Возникла пауза. Арбенс был бледен как полотно. Чувствовалось, как нелегко ему принять решение.

— Я сдаюсь, — произнес президент после долгой паузы, — но при условии, что ты добьешься заключения перемирия. Нельзя допустить, чтобы Армас ворвался сюда со своей ордой: мы все хорошо знаем, чем все это может кончиться.

— Клянусь тебе от имени армии! — патетически воскликнул полковник Диао. — Мы не потерпим ни его, ни его бандитов.

— Вы должны продолжать борьбу до тех пор, пока не убедитесь, что представители либеральных партий останутся в правительстве. Так вам удастся избежать самого худшего. А если я оказался на вашем пути… Моя персона не столь важна, чтобы из-за нее страдало общее дело. Только я сомневаюсь, что дело во мне.

— Благодарю тебя, Хакобо! За время своего пребывания у власти ты подавил три десятка различных путчей, и сегодня ты спас нас от нового путча. Представляю, что творится сейчас у тебя на душе. Ты всегда был патриотом нашего отечества. И знай, мы не пустим Армаса в этот дворец.

— Ровно в шестнадцать я не могу объявить о своей отставке, — начал Арбенс. — После стольких лет борьбы… взять и просто так уйти с поста. Понимаешь… вы должны дать мне возможность попрощаться…

— С кем попрощаться?

— Ты не поверишь, Энрике, но я хочу попрощаться с народом, — горько усмехнулся Арбенс. — Я подготовлю речь, а вы дадите мне возможность произнести ее по радио.
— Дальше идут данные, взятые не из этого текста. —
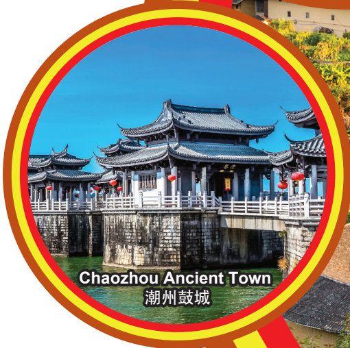
Chaozhou Ancient Town 潮州鼓城
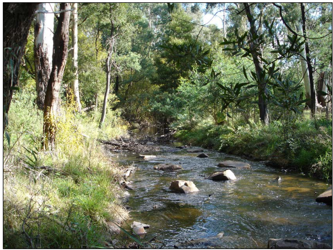
Little Yarra River
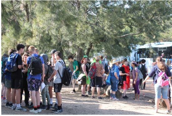
Heading off to the swimming carnival
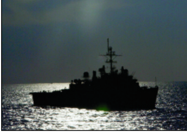
The USS LaSalle, flagship for the Commander, Sixth Fleet, is underway in the Mediterranean Sea.

Guided-missile submarines (Ohio class) are currently being developed by converting four former fleet ballistic missile submarines. They will be nuclear powered, armed with tactical missiles, and have the capability to transport and support Special Operations Forces. They are 560 feet long, and each carries a crew of 155 sailors. They will be able to transport as many as 66 Special Operations Forces personnel each.
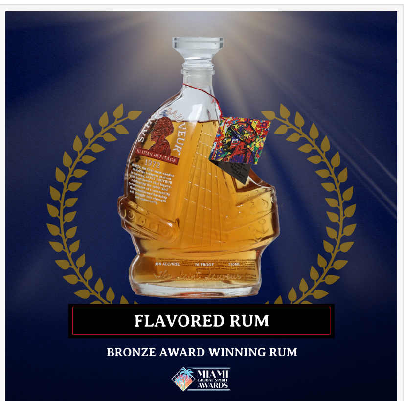
Saint Sauveur 1972 - Bronze Flavored Rum Winner at Miami Global Spirits Awards
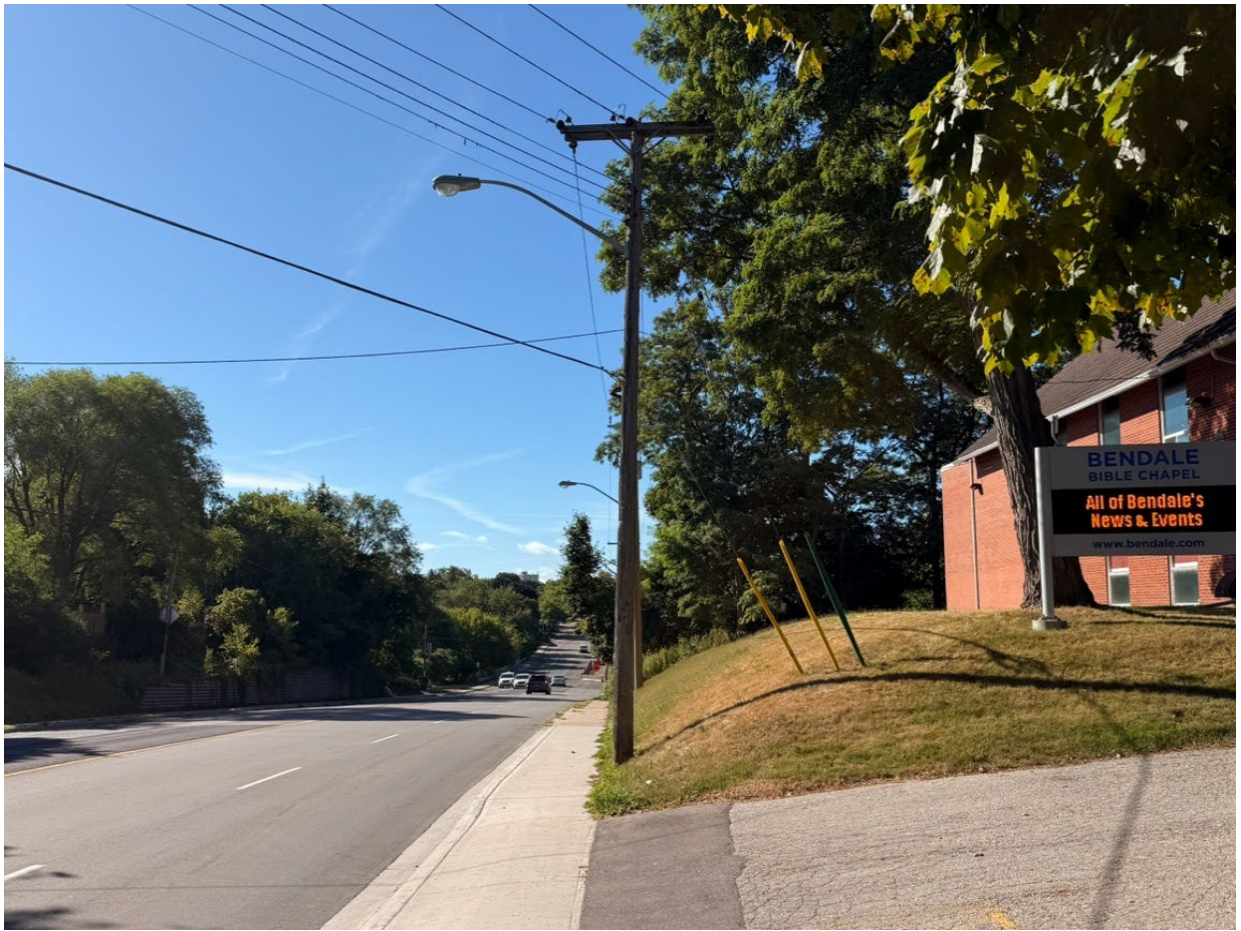
Figure 15. Bellamy Road North, looking south from 328 Bellamy Road North (Alex Corey, August 2025).

Как только я это сделаю, сразу уйду в отставку.

Диас ошеломленно взглянул на него. Зачем ему, почти свергнутому, понадобилось обращаться к народу? Такого ни один президент никогда не делал.

Идея Арбенса казалась ему по меньшей мере странной. Торжественно обращаться по радио к народу, когда ситуация в стране складывается в пользу твоих политических противников, вместо того чтобы упаковывать чемоданы и принимать срочные меры к спасению собственной жизни, жизни родных и близких, — все это Диас находил настолько бессмысленным, что потерял дар речи.

— Вы разрешите мне это сделать? — спросил Арбенс. — Это мое последнее условие, от которого я не откажусь.

Диас с трудом кивнул. Что за глупая идея? Должно быть, в этом и проявляется демократический образ мышления экс-президента. В Европе подобный шаг, вероятно, был бы к месту, но здесь, в Латинской Америке, это чересчур. Очевидно, столь странными представлениями объяснялось и желание Арбенса предотвратить разгон коммунистов. Он, стало быть, надеялся, что со временем их партия обретет равные права с другими партиями и с ней можно будет вступать в контакт безо всякого риска. Арбенс даже не понимал, как глубоко заблуждался. Он, Диас, никогда не совершит подобной ошибки. Он будет сражаться и дальше против Армаса, но с Гватемальской партией труда покончит немедленно, как только встанет во главе правительства. Доверие американцев можно вернуть, только покончив с красными. Сегодня же!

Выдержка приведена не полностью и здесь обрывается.